→ Task item: Starting at the line that contains "Market needs for", repeat each line of the listing below through the last one, exactly, and leave out every picture.

··· Given information ···

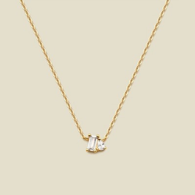 Home is wherever I’m with you- and this necklace is a stunning reminder that you can carry a piece of home anywhere you go. Fixed on a dainty chain, a single emerald CZ and pear CZ are set together in a shimmering tribute to the greatest love story of them all- your own.
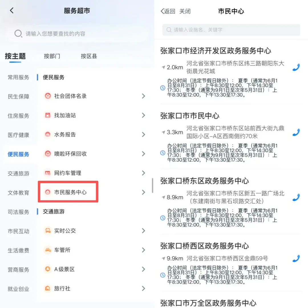 打开“幸福张家口”App,进入服务超市,选择【便民服务】栏目,点击“市民服务中心”服务,系统会自动定位你当前位置,并清晰展示周边所有市民服务中心:
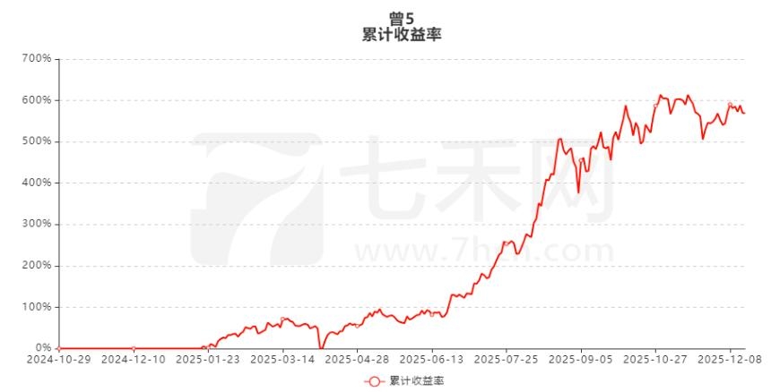 账户“曾5”,于2024年10月29日在七禾网资管排行榜上注册,2025年1月21日才开始交易。整体表现来看,该账户收益率逐步增长,净值不断创新高,不过进入9月以后,账户收益率增速放缓,资金曲线呈震荡横盘态势。截至目前,账户累计净值6.6912,累计收益率569.12%,累计净利润285.15万,最大回撤41.53% 。
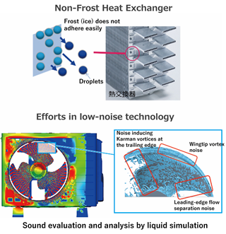 Market needs for low noise are extremely high, particularly in Europe. This is why we are developing technologies to reduce blower noise from fans and other components by identifying the source of the noise through fluid simulation and analyzing airflow around the fan to optimize fan shape to suppress vortex generation, a cause of noise.
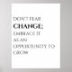 Ne craignez pas le changement, prenez-le comme une occasion de grandir. Poster Motivationnel, Oeuvre Murale Motivationnelle, Citations, Poster Imprimable En Classe, Poster De Devis Motivationnel, Décor De Bureau, Cadeau De Bureau, Autonomisation, Citations Positives, Poster Inspirationnel, Cadeau Entrepreneur, Poster De Devis Motivationnel, Travail Dur Motivationnel, Poster Minimaliste.
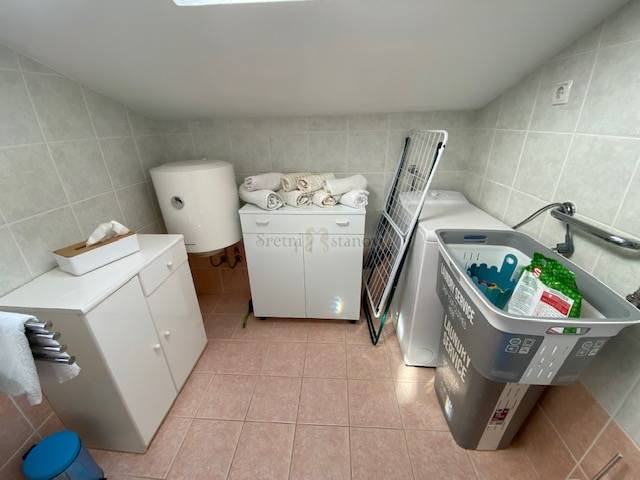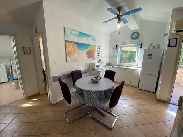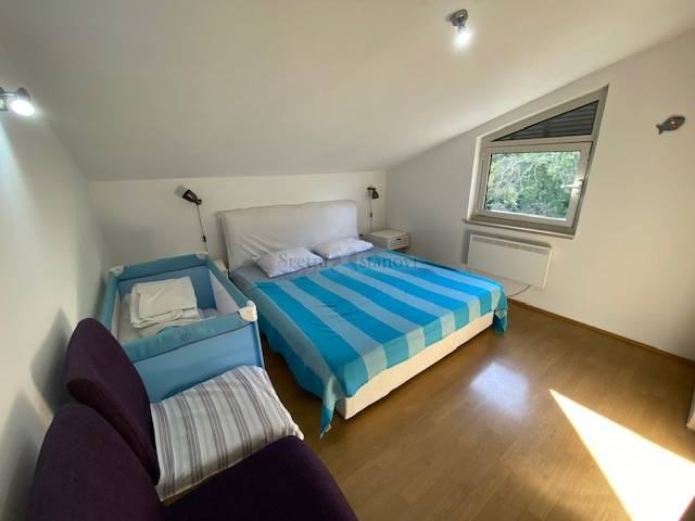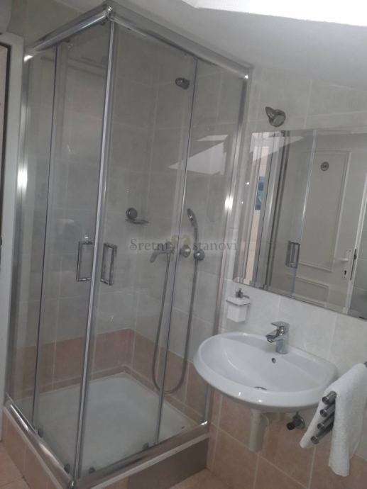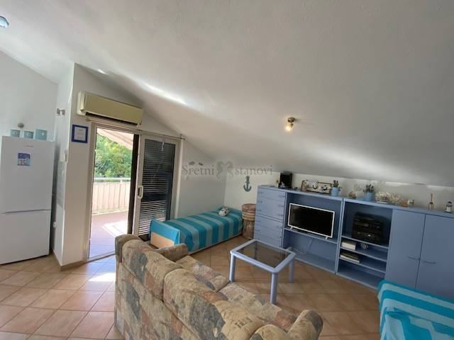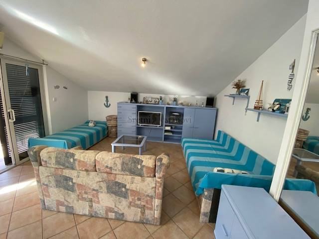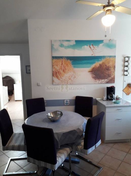 Lijepi, ugodan ,uredan i održavan stan u stambenoj zgradi na drugom katu manje zgrade, nedaleko mora i plaža ( cca 150 m). Zgrada je na mirnoj, ugodnoj lokaciji, idealno za odmor i vikende, okružena zelenilom, a opet blizu šetnice i plaže. Stan se sastojii od jedne spavaće sobe, kupaone, dnevnog boravka, kuhinje s blagovaonom i lijepe natkrivene loggie/balkona s ugodnim pogledom. Grijanje je na klima uređaj i norveški radijator. Parkirno mjesto za stan, jedno, je u privatnoj okućnici zgrade. Čisto vlasništvo. Stan se prodaje kako je prikazano na fotografijama sa namještajem i opremom.

···

→ Solution below:
 Market needs for low noise are extremely high, particularly in Europe. This is why we are developing technologies to reduce blower noise from fans and other components by identifying the source of the noise through fluid simulation and analyzing airflow around the fan to optimize fan shape to suppress vortex generation, a cause of noise.
 Ne craignez pas le changement, prenez-le comme une occasion de grandir. Poster Motivationnel, Oeuvre Murale Motivationnelle, Citations, Poster Imprimable En Classe, Poster De Devis Motivationnel, Décor De Bureau, Cadeau De Bureau, Autonomisation, Citations Positives, Poster Inspirationnel, Cadeau Entrepreneur, Poster De Devis Motivationnel, Travail Dur Motivationnel, Poster Minimaliste.
 Lijepi, ugodan ,uredan i održavan stan u stambenoj zgradi na drugom katu manje zgrade, nedaleko mora i plaža ( cca 150 m). Zgrada je na mirnoj, ugodnoj lokaciji, idealno za odmor i vikende, okružena zelenilom, a opet blizu šetnice i plaže. Stan se sastojii od jedne spavaće sobe, kupaone, dnevnog boravka, kuhinje s blagovaonom i lijepe natkrivene loggie/balkona s ugodnim pogledom. Grijanje je na klima uređaj i norveški radijator. Parkirno mjesto za stan, jedno, je u privatnoj okućnici zgrade. Čisto vlasništvo. Stan se prodaje kako je prikazano na fotografijama sa namještajem i opremom.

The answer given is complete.